**DATA**.
━━━━━━━━━━

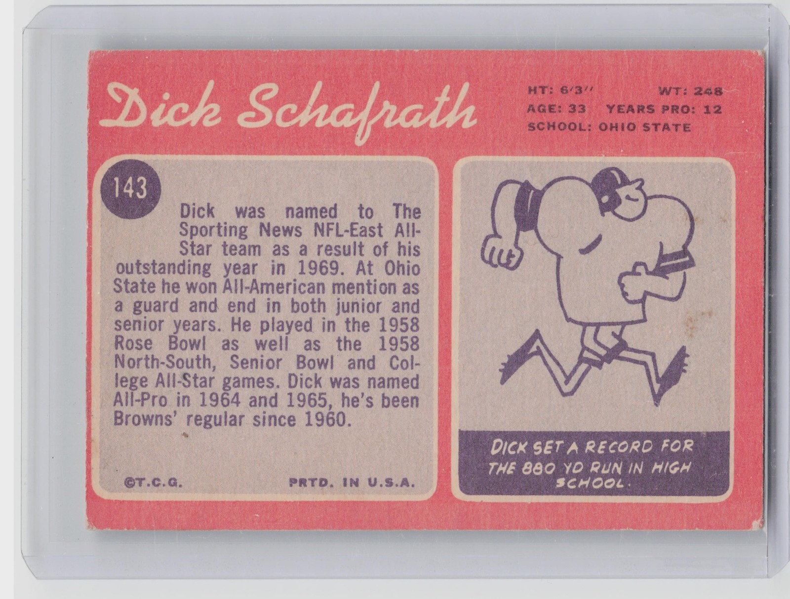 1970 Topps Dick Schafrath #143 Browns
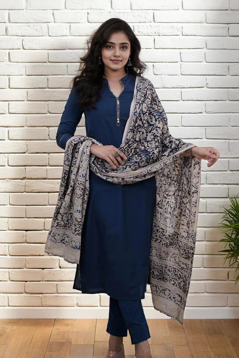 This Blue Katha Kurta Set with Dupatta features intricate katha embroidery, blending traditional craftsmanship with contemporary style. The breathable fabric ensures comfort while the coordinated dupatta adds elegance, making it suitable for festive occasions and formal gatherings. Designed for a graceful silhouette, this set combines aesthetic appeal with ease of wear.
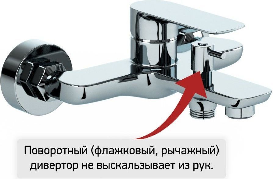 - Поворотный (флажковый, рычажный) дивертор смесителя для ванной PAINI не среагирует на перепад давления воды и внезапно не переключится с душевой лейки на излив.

━━━━━━━━━━

**PROBLEM**. With the pictures removed, write the listing out word for word.

**EXERCISE ANSWER**.
 1970 Topps Dick Schafrath #143 Browns
 This Blue Katha Kurta Set with Dupatta features intricate katha embroidery, blending traditional craftsmanship with contemporary style. The breathable fabric ensures comfort while the coordinated dupatta adds elegance, making it suitable for festive occasions and formal gatherings. Designed for a graceful silhouette, this set combines aesthetic appeal with ease of wear.
 - Поворотный (флажковый, рычажный) дивертор смесителя для ванной PAINI не среагирует на перепад давления воды и внезапно не переключится с душевой лейки на излив.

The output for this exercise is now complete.